**ABOUT THIS EXERCISE**
If pictures appear among the lines below, leave them out while you return exactly the lines from the one with "SOUTH EAST ELEVATION 1:100" through the one with "PRIMARY STUDENTS ARE".

*** Opening of RAW DATA ***

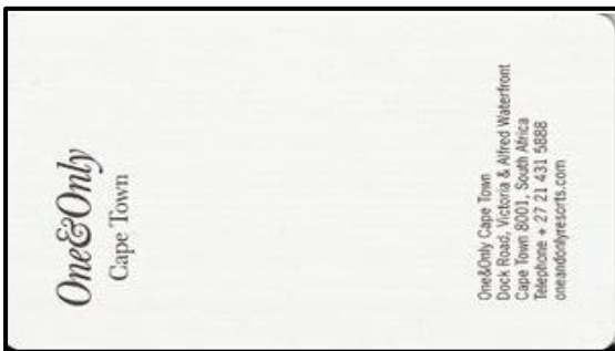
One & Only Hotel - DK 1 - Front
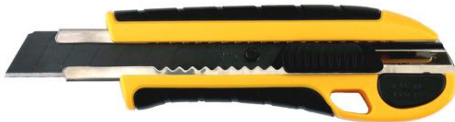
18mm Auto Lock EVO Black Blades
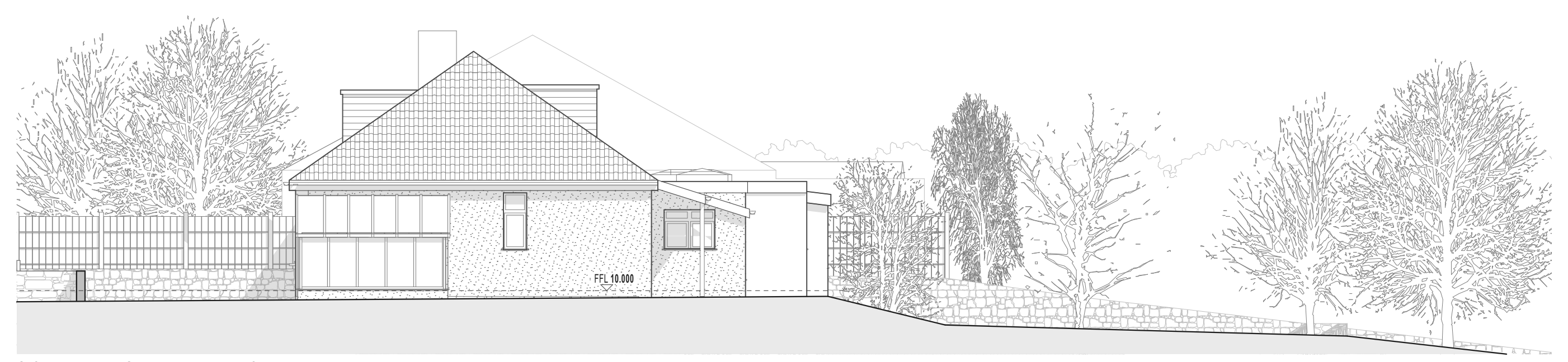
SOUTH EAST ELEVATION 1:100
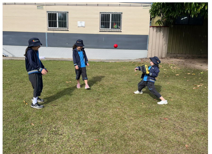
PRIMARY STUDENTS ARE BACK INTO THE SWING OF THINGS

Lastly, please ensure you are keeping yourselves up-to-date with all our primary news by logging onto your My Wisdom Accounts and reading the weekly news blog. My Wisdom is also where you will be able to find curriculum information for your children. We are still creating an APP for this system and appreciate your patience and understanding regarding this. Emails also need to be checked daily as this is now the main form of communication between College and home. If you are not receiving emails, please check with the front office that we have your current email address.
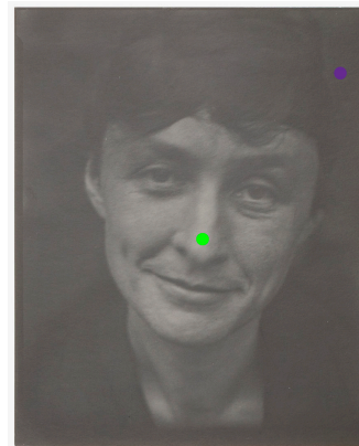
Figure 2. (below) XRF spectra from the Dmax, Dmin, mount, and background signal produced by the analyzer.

*** Close of RAW DATA ***

**THE ANSWER**
SOUTH EAST ELEVATION 1:100
PRIMARY STUDENTS ARE BACK INTO THE SWING OF THINGS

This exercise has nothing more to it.